The leaves are falling, opening patches to see the vistas in the distance while other spots are still too dense to see through the trees. Next Saturday I'm scheduled for a hike that has some bushwacking in an area of the Warner Parks where one can only go with a naturalist. There should be views of the hills around and through that part of the park. A newer area will open in the spring though the steeper trails may be only naturalist led.
I've found a local-only walker friend who may become a hiker as far as our parks go, good company but nothing that will keep me in shape so far, and am still looking for a hiking group with older folks who do some of the interesting and challenging trails away that I shouldn't do alone. With shorter daylight and the driving time to do several of those hikes, I understand the need for a faster pace than I might be happy with--or able to do comfortably. Spring will be my time for those hikes.

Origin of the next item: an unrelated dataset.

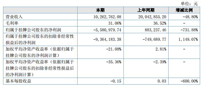 報告期內(nèi),公司實現(xiàn)營業(yè)收入1,026.27萬元,比去年同期下降48.80%,凈利潤為-558.10萬元,較去年同期下降比例較大。?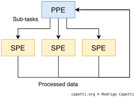 The assistants: these are as crucial as the PPE, but their capabilities are limited to an assistant/accelerator role. This group comprises eight Synergistic Processing Elements (SPEs).

And I understand that in March-April-May, there are many wildflowers too!
I'm joining the Tennessee Trails Association and plan to drive to REI in Brentwood (near Mike and Margaret's) for their November meeting with the hope that will connect me with some hikers nearer my speed. And tomorrow, when the rain is supposed to dissipate and the clouds roll away, I'll continue hiking nearby. I do remember that I didn't find my long-time hiking companions in Estes Park immediately upon moving there. Patience, patience, patience.